Activity -> Would you print out all of the data exactly and keep the pictures out of it?

● ● ● ●

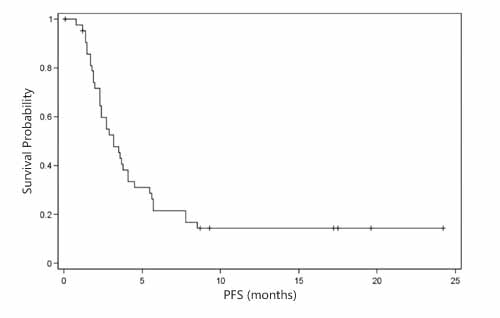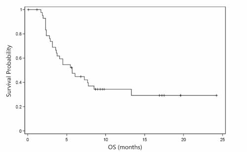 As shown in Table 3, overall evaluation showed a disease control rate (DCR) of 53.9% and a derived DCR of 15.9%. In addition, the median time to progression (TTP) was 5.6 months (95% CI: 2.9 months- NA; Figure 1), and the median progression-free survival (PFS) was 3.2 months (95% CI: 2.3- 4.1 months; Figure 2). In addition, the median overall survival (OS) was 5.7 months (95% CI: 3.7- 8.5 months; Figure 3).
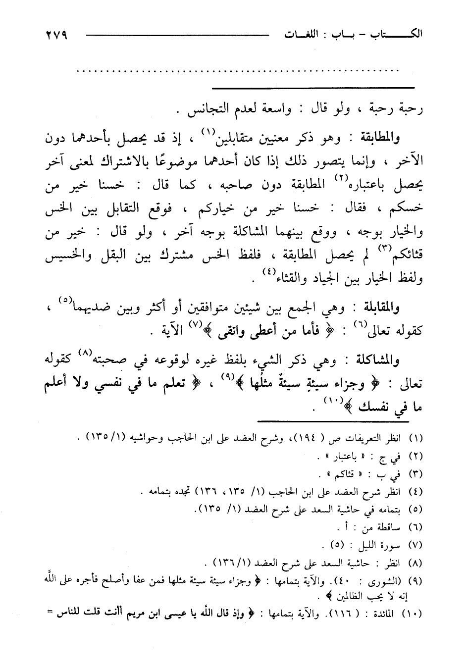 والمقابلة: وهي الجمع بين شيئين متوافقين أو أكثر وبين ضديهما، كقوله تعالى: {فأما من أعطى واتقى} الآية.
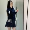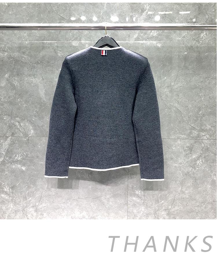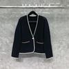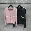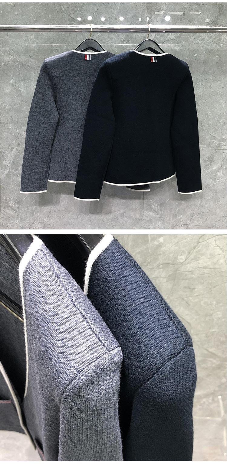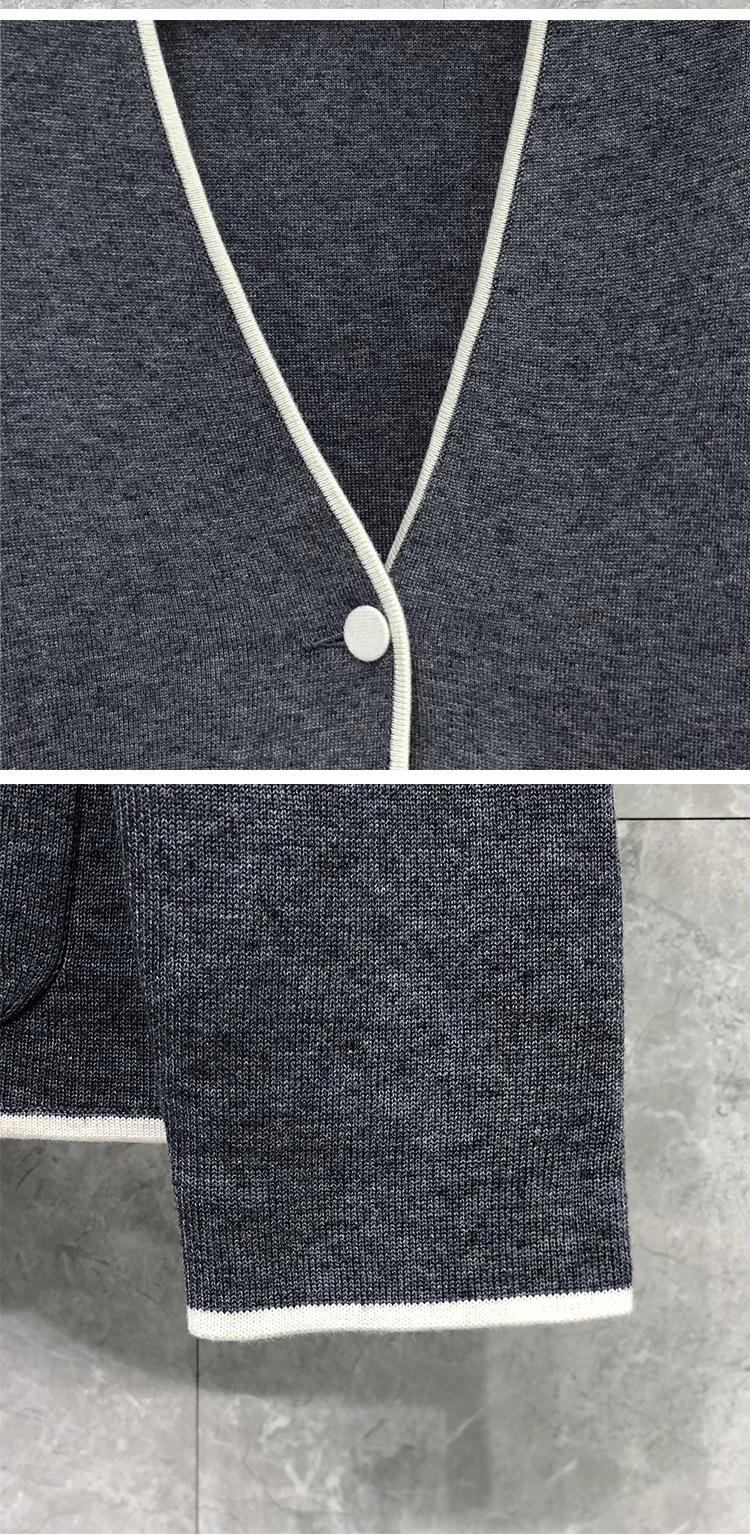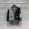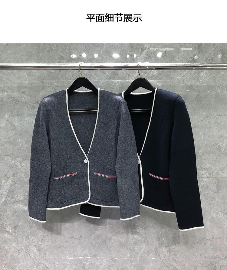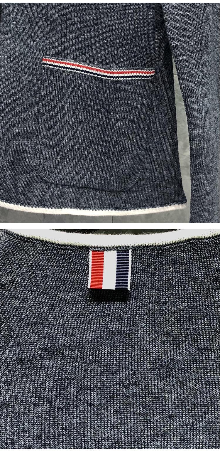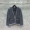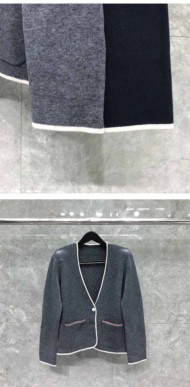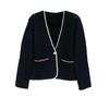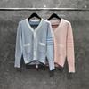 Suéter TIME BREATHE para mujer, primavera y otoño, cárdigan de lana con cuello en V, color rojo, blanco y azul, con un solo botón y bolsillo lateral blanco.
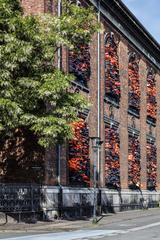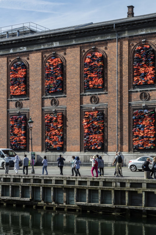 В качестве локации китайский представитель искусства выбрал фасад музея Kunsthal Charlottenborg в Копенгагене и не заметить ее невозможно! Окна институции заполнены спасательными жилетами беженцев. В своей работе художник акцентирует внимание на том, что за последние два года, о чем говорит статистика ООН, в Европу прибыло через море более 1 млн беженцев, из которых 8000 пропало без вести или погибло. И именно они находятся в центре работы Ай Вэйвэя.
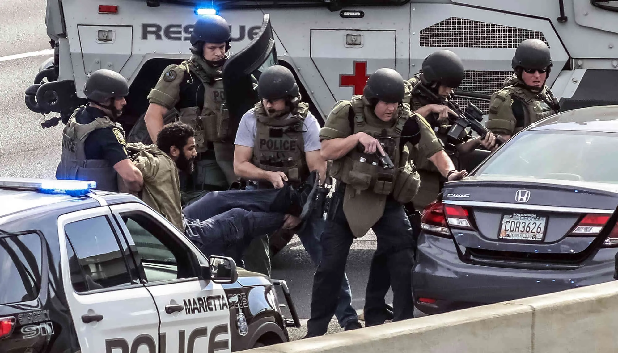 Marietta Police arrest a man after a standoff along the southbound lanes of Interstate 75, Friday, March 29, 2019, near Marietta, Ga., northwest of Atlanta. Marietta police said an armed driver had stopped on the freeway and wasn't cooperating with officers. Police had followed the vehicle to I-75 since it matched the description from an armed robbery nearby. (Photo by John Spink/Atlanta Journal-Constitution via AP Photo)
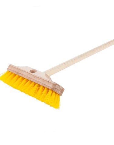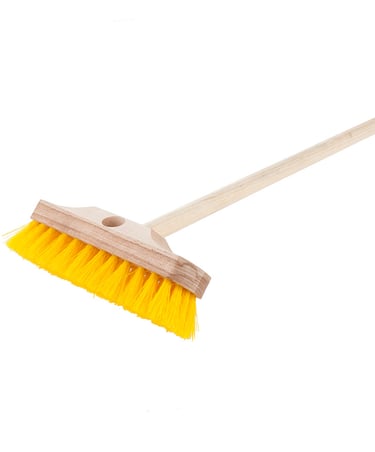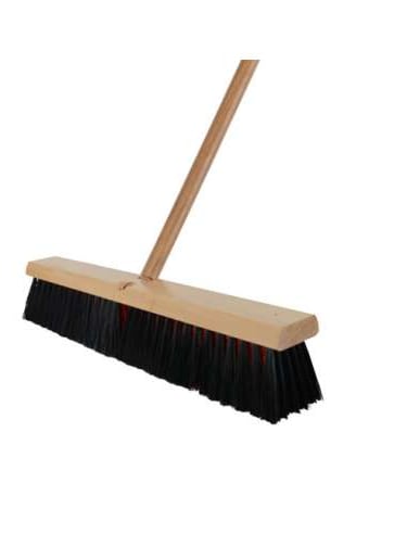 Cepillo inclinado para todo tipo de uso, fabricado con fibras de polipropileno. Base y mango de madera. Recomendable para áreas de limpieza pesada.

● ● ● ●

Answer section ->
 As shown in Table 3, overall evaluation showed a disease control rate (DCR) of 53.9% and a derived DCR of 15.9%. In addition, the median time to progression (TTP) was 5.6 months (95% CI: 2.9 months- NA; Figure 1), and the median progression-free survival (PFS) was 3.2 months (95% CI: 2.3- 4.1 months; Figure 2). In addition, the median overall survival (OS) was 5.7 months (95% CI: 3.7- 8.5 months; Figure 3).
 والمقابلة: وهي الجمع بين شيئين متوافقين أو أكثر وبين ضديهما، كقوله تعالى: {فأما من أعطى واتقى} الآية.
 Suéter TIME BREATHE para mujer, primavera y otoño, cárdigan de lana con cuello en V, color rojo, blanco y azul, con un solo botón y bolsillo lateral blanco.
 В качестве локации китайский представитель искусства выбрал фасад музея Kunsthal Charlottenborg в Копенгагене и не заметить ее невозможно! Окна институции заполнены спасательными жилетами беженцев. В своей работе художник акцентирует внимание на том, что за последние два года, о чем говорит статистика ООН, в Европу прибыло через море более 1 млн беженцев, из которых 8000 пропало без вести или погибло. И именно они находятся в центре работы Ай Вэйвэя.
 Marietta Police arrest a man after a standoff along the southbound lanes of Interstate 75, Friday, March 29, 2019, near Marietta, Ga., northwest of Atlanta. Marietta police said an armed driver had stopped on the freeway and wasn't cooperating with officers. Police had followed the vehicle to I-75 since it matched the description from an armed robbery nearby. (Photo by John Spink/Atlanta Journal-Constitution via AP Photo)
 Cepillo inclinado para todo tipo de uso, fabricado con fibras de polipropileno. Base y mango de madera. Recomendable para áreas de limpieza pesada.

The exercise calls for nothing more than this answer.